これまで登場したのは、男友達に“中の上”と烙印を押されて困惑したメグミ。彼女の出没エリアなどその生態に迫った。また、高望みをしない東大卒エリートサラリーマン・サトルにも話を聞いた。今回登場するのは…?

中の上”の極みの男?大手総合商社勤務の健二、31歳。

今回話を聞かせてくれたのは、東大卒・サトルの高校時代の友人である健二、31歳だ。

彼らは高校時代同じサッカー部だった。サトルはエースで、健二は皆をまとめるキャプテン。

2人と話してみると、そのキャラクターの違いは歴然だ。サトルは涼しい顔で何でもこなす天才肌。一方の健二はひたむきな努力家で、皆を楽しませるムードメーカーだ。高校を卒業しても、2人の友人関係は変わらず続いている。

健二の身長は高く見積もって165センチくらいだろうか。小柄でいつも笑顔を絶やさず、相手に警戒心を与えないタイプだ。

一見爽やかで何の嫌味もない健二。しかし彼の心の中はコンプレックスの塊だった。

「東大にサクッと入ったサトルと比べて、俺なんて本当“中の上”の極みの男ですよ。」

健二は笑いながらそう言った。

彼は現在、誰もが知っているような大手総合商社に勤めている。彼がここに来るまでの道のりは、決して平坦なものではなかったようだ。

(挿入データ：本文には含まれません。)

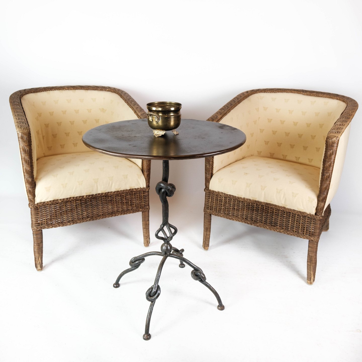 SoldSet of two easy chairs with paper cord and upholstery with light fabric from the 1940s. Both chairs are in great vintage condition.
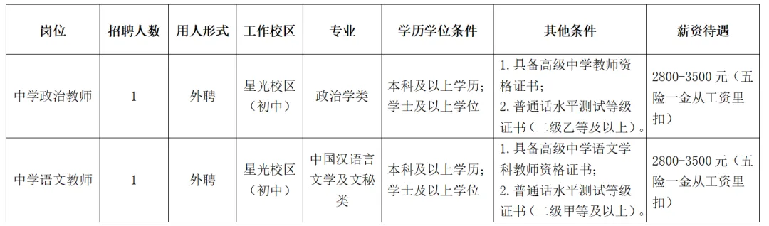 根據(jù)學(xué)校工作需要,南寧市第十中學(xué)星光校區(qū)(初中部)面向社會(huì)招聘教職工,具體崗位如下:
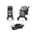 Cu acoperișul pliabil în 4 etape, câinele poate fi ușor blocat în cărucior, iar datorită plasei din față și din spate a copertinei, câinele nu numai că are o vedere bună, dar și o sursă de aer proaspăt. Puteți fixa pur și simplu copertina prin fixarea ei astfel încât câinele să nu poată sări afară și puteți, de asemenea, atașa câinele la două lese de siguranță din interiorul căruciorului. Perna moale a căruciorului oferă câinelui un loc confortabil pentru a se întinde în timp ce conduce. În timp ce stă întins, câinele poate observa împrejurimile prin ușa frontală cu fermoar din plasă, care poate fi deschisă. Căruciorul are, de asemenea, suficient spațiu de depozitare pentru echipamentul câinelui. Buzunarul inferior mare de sub corpul căruciorului este folosit pentru a depozita obiecte mai mari, cum ar fi o sticlă de apă, o lesă, o pătură și alte provizii pentru câine.
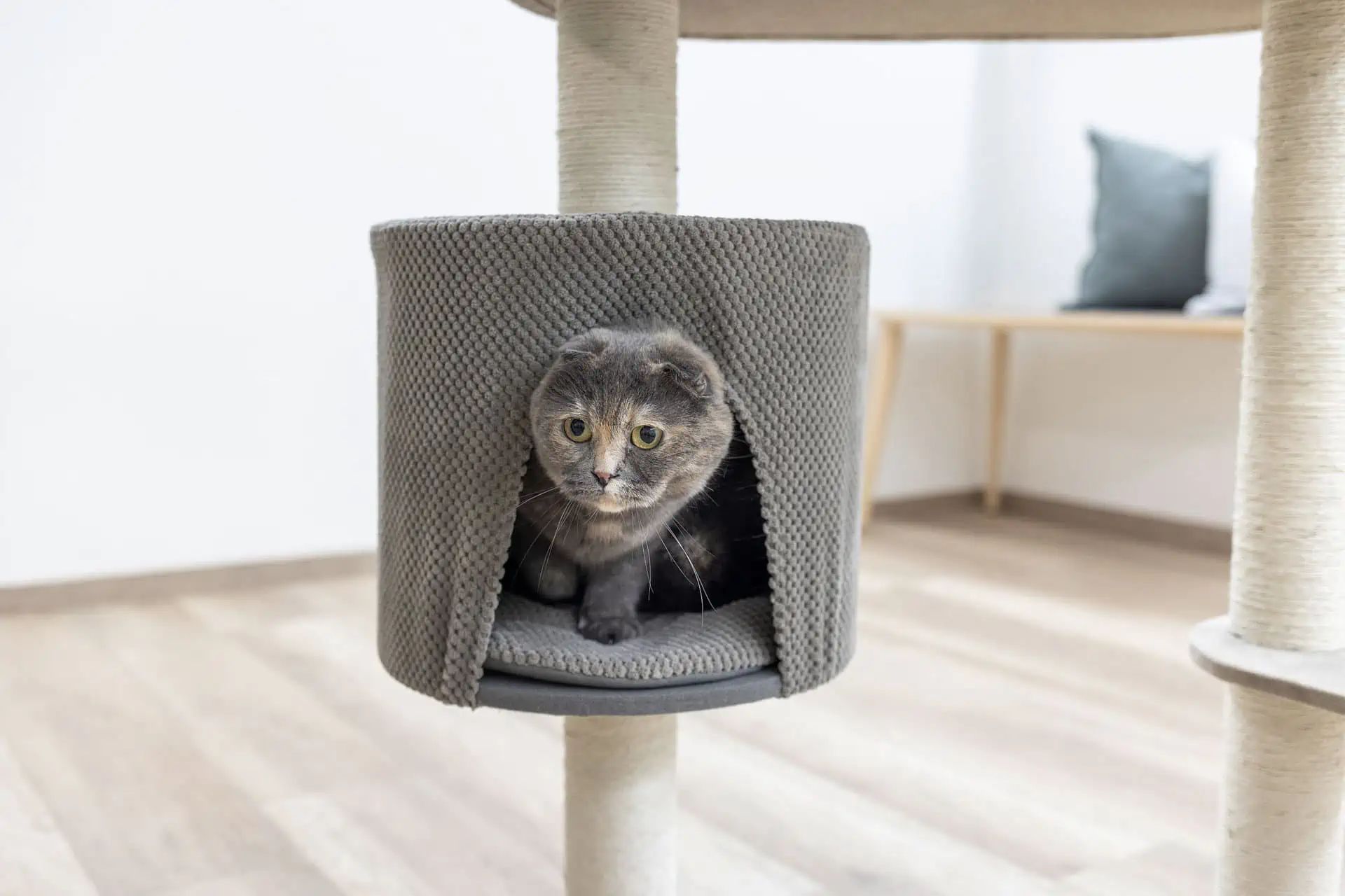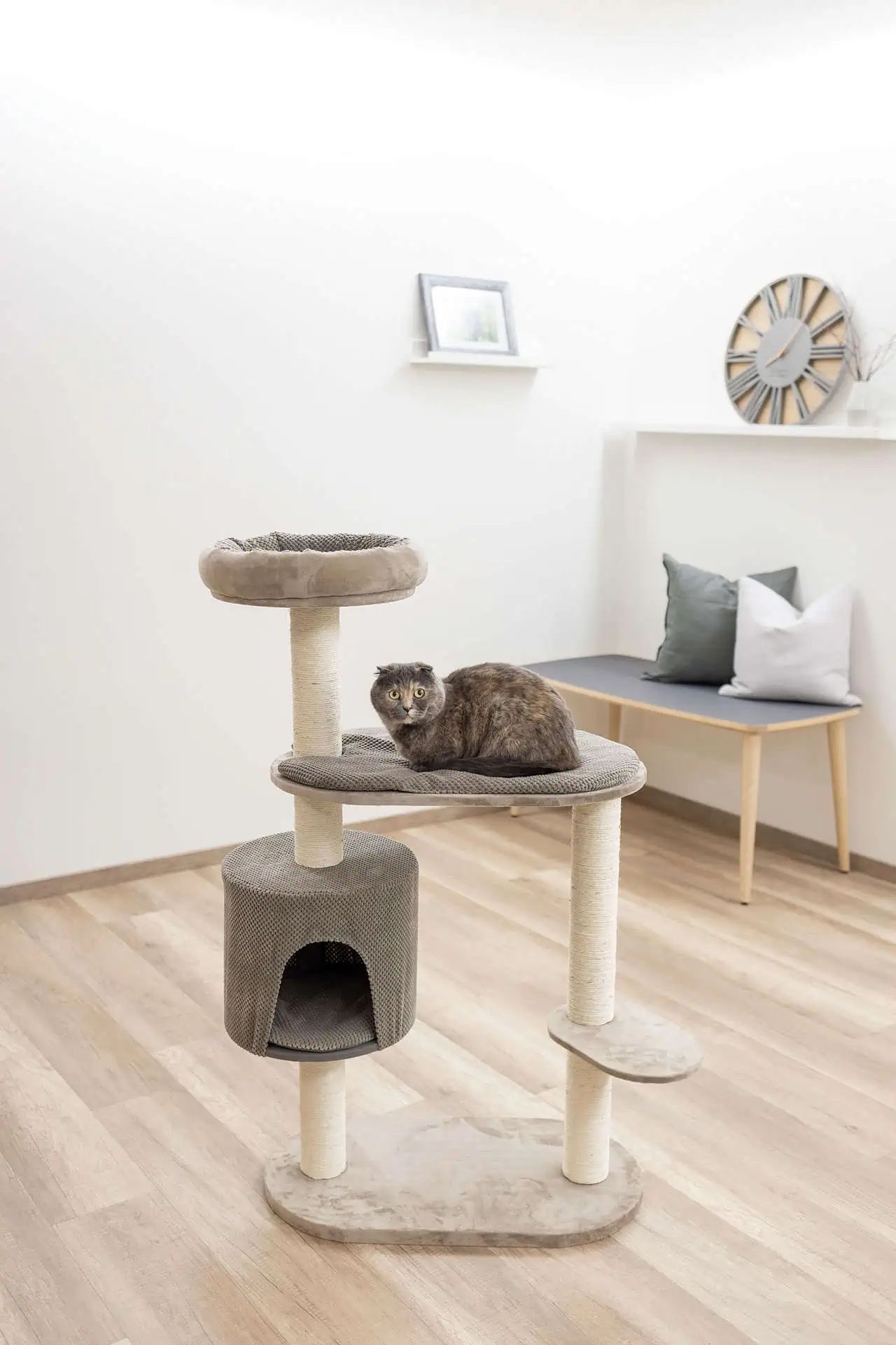 Risposta: L'Albero tiragraffi Giselle taupe offre un'area di riposo con cuscino removibile e lavabile, una grotta e un letto per ulteriori spazi di riposo.
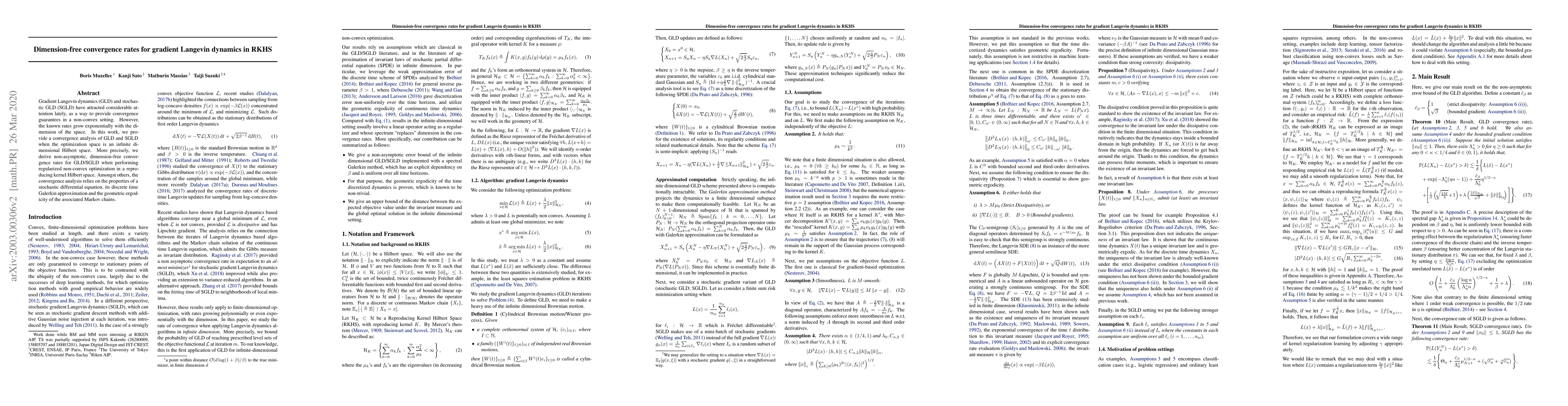This paper presents a convergence analysis of gradient Langevin dynamics (GLD) and stochastic GLD (SGLD) in infinite-dimensional Hilbert spaces, achieving dimension-free convergence rates for regularized non-convex optimization in reproducing kernel Hilbert spaces. The analysis leverages properties of stochastic differential equations, their discrete approximations, and the geometric ergodicity of associated Markov chains.
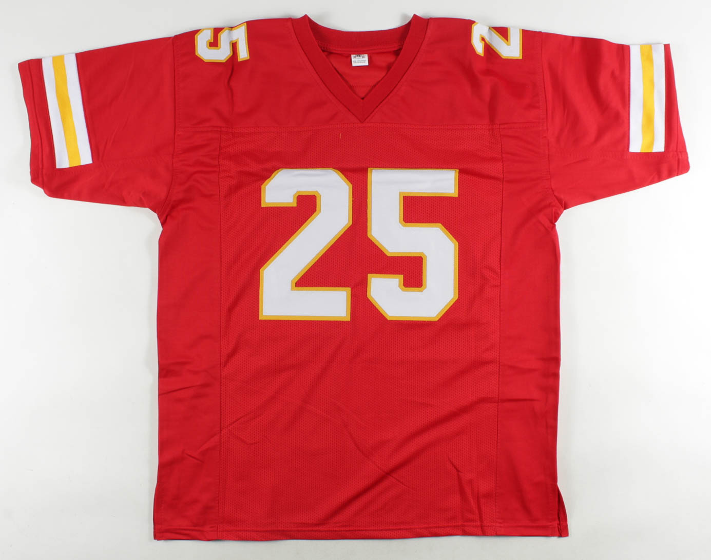 Custom on-field style jersey. Everything is sewn on, size XL. Has been hand-signed by Jamaal Charles.
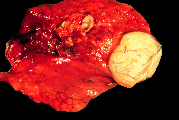 This mass-like lesion is the typical appearance of a histoplasmoma, (or other fungal granuloma). Typical features include sharp circumscription with concentric lamellae, resembling a cross section of a tree.
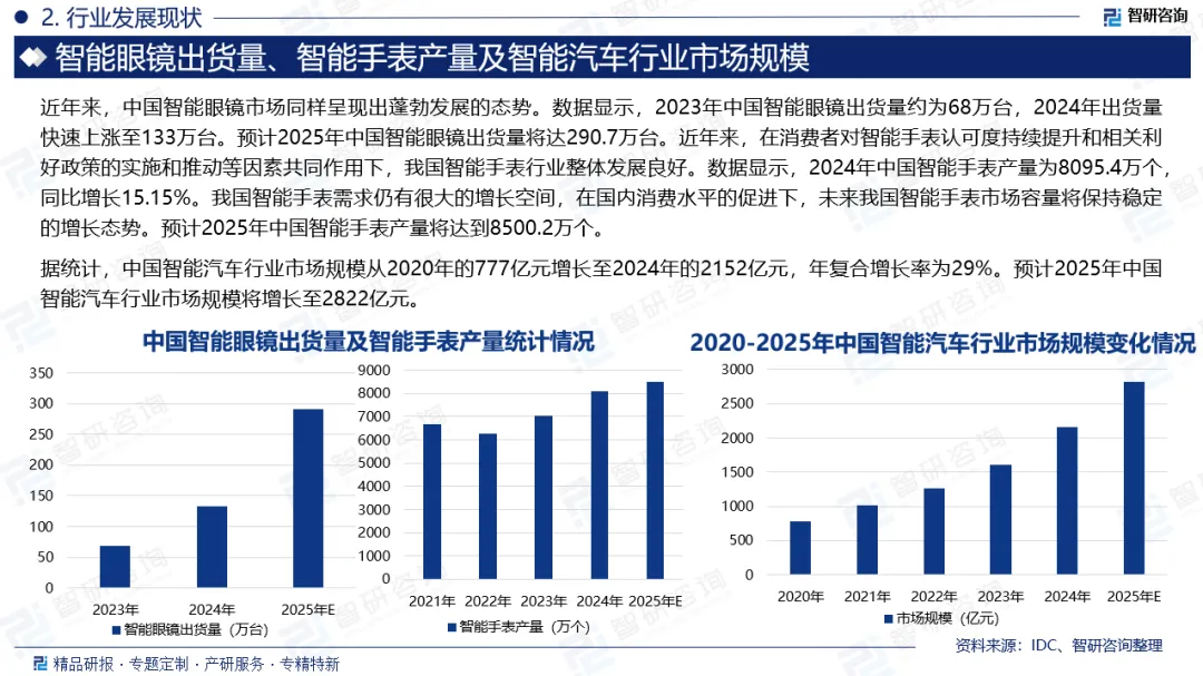 智能眼镜出货量:智能穿戴主要包括智能眼镜、智能手表、智能健康手环等。智能眼镜以传统眼镜的形态为载体,通过集成各类智能硬件与软件系统,实现信息交互、功能扩展等智能化应用。随着可穿戴设备的快速发展,眼镜作为新的载体被智能化,智能眼镜不仅在工业、军事安防、应急抢险等领域得到广泛应用,在大众健康监测领域的应用也越来越多。作为眼镜生产大国,中国智能眼镜市场环境具有发展潜力大,未来市场规模增长率高等特点。近年来,中国智能眼镜市场同样呈现出蓬勃发展的态势。数据显示,2023年中国智能眼镜出货量约为68万台,2024年出货量快速上涨至133万台。2025年中国智能眼镜出货量将达290.7万台。智能眼镜市场是一块有巨大挖掘空间的沃土,发展潜力巨大。随着人工智能大模型与光波导技术的日渐成熟,未来智能眼镜通过结合语音助手、实时翻译、健康监测等功能,将成为日常生活和职业场景中的智能助手。

「努力は絶対報われる」そう信じた男が歩んだ人生とは?

健二は千葉の公立高校を卒業後、明治大学に入学した。高校3年生の夏までサッカーをやって、そこから猛勉強して無事合格。

「何でも一番を目指すタイプ」だった彼の第一志望は早稲田の政経だった。しかし、夏から始めた勉強量ではとても追いつかずあえなく不合格という結果に。

しかし、明るく前向きな彼はすぐに切り替え、サッカーサークルで友人を作り、塾講師のバイトに精を出しながらキャンパスライフを楽しんだようだ。

しかし、「何でも一番を目指すタイプ」の彼は、早くから就職活動を意識するようになる。希望は総合商社。

昔ほどの学閥はないが、未だ大手総合商社は東大と早慶卒の人間が多いのは事実だ。大学の友人の多くも、日系のメーカーや銀行に主軸を置いていた。商社を受ける者もいたが、記念受験のノリだった。

情報も少なく、仲間もいない。OB訪問しようにもOBがおらず、東大や早慶に行った高校時代の仲間のツテを辿って何とか取り付けた。

そして迎えた就職活動。大手5社全てを受け、奇跡的にそのうちの1社に受かった。「努力は絶対報われる」という信念はやっぱり間違っていなかった、当時はそう確信したという。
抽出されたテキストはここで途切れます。